Thursday, February 23, 2012
and I am struggling!
Right before I got pregnant with our first child I was a size 8/10. I still wanted to lose about 20 lbs and based on the BMI chart I was still considered overweight for my height. (Who decided that?)
So now that I am 50 lbs overweight I am seriously down and out about it.
Everyone keeps saying "you just had a baby!" but I wonder exactly how long I can use that for an excuse? I only have 2 pairs of jeans that I alternate all week and one of those pair are maternity jeans....how sad is that! My little one is 3 months old and I feel that I should have lost at least half of what I want to lose by now. Am I being to hard on myself?
I see all of these women at work that seem so petite and skinny & it depresses me b/c I am still rocking the maternity pants :(
I will say that I am venturing out this weekend to buy 1 more pair of pants b/c you can't wear a belt with maternity pants and yea, my stomach isn't holding a human any more, but I just find it sad that I am still in them.
I worked out 5 days a week before Eva came along....now I'm lucky to get in a 20 min workout at home. Two coworkers and I are walking on our 30 min lunch break at work which makes me feel better, but how much longer do I have to hold on to this weight?
No there isn't a "quick fix" or a magical supplement that will make me skinny overnight, but DANG IT when will this get easier?
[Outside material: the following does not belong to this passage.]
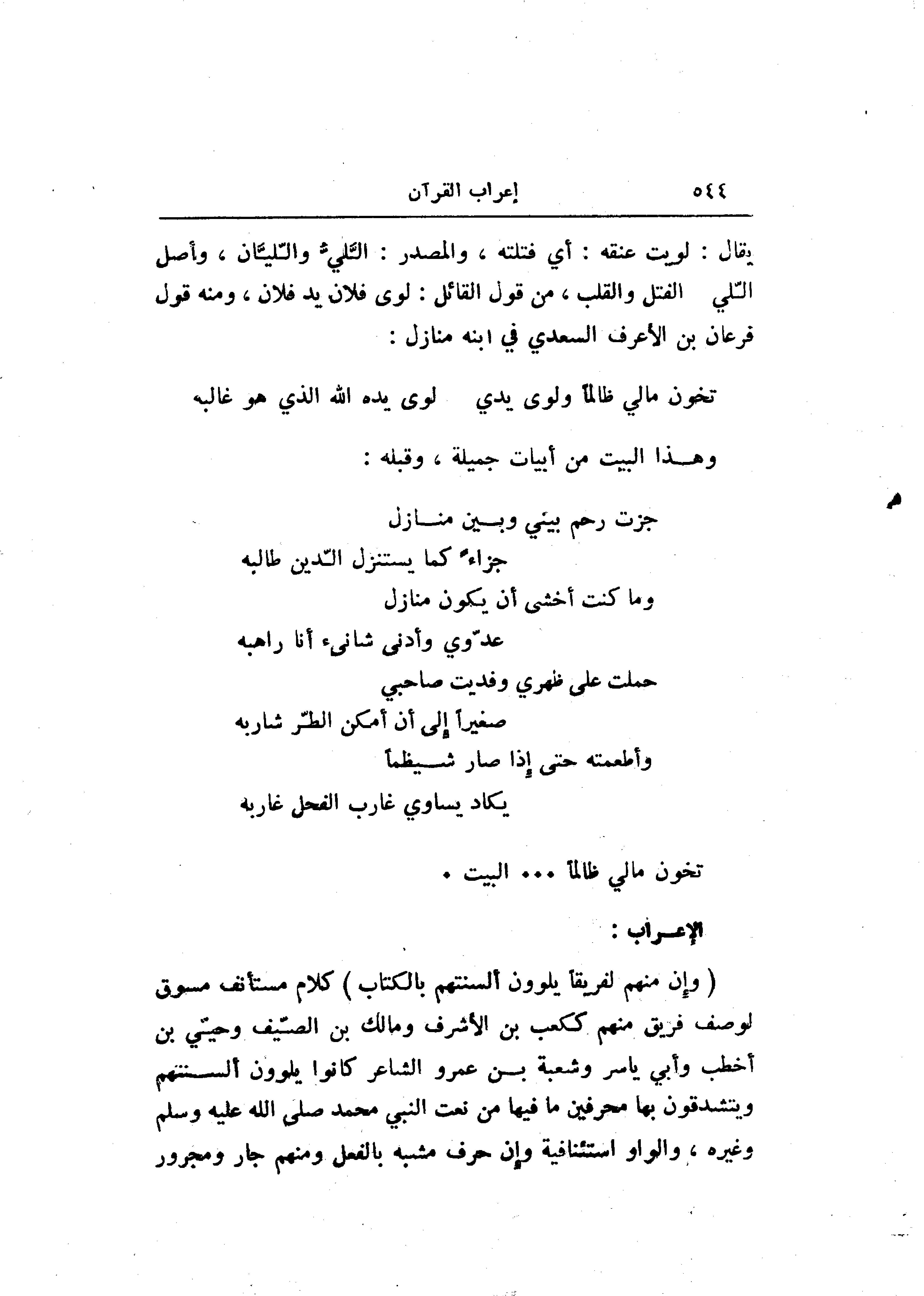 يقال: لويت عنقه: أي فتلته، والمصدر: اللّيّ واللّيّان، وأصل اللّي الفتل والقلب، من قول القائل: لوى فلان يد فلان، ومنه قول فرعان بن الأعرف السعدي في ابنه منازل: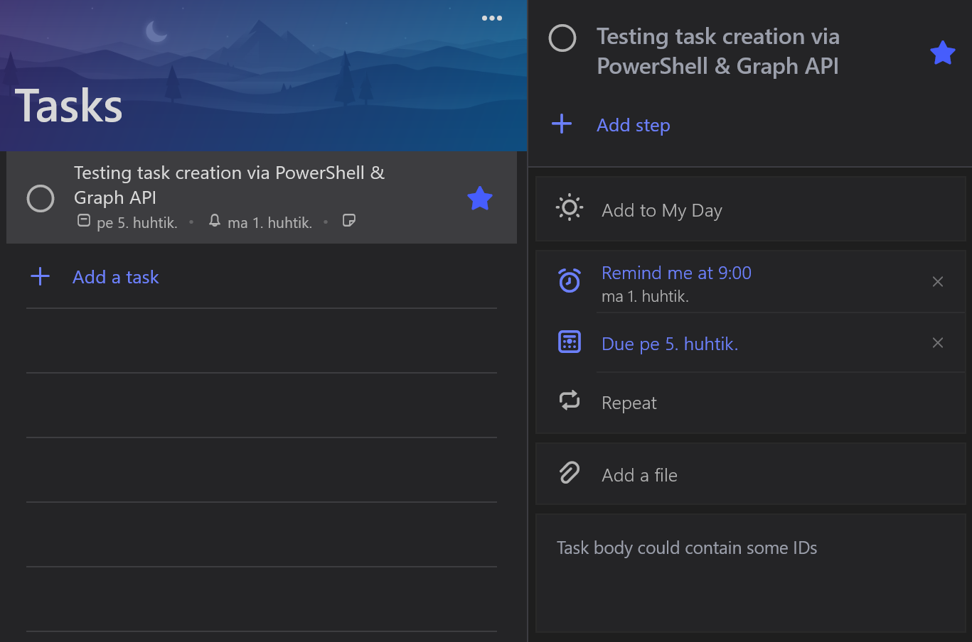 Now we know that we can create a task to personal ToDo via Graph API and we can add following information via Graph API

How much longer do I have to wait to get into my "old jeans"? I've always ate well but the sleep & exercise seem to be so scarce these days. I ate well during pregnancy but my tail bone killed me any time I tried to workout. I gained 10 lbs every month for the first 3 months without even trying. I didn't crave bad things & when I did it was in moderation. Could going from 5 days a week working out to NOTHING really have had that big of an effect on my body?
I pray I'm not doomed with this weight. I just wish I could have been one of the lucky ones and lost all the excess weight within 2 months of having her. I breastfed but it didn't seem to take anything off for me....at least not very fast like I heard it would.
I realize this isn't a very positive blog and after looking at my past blogs I probably should try to look at the brighter side of things but when does this get easier?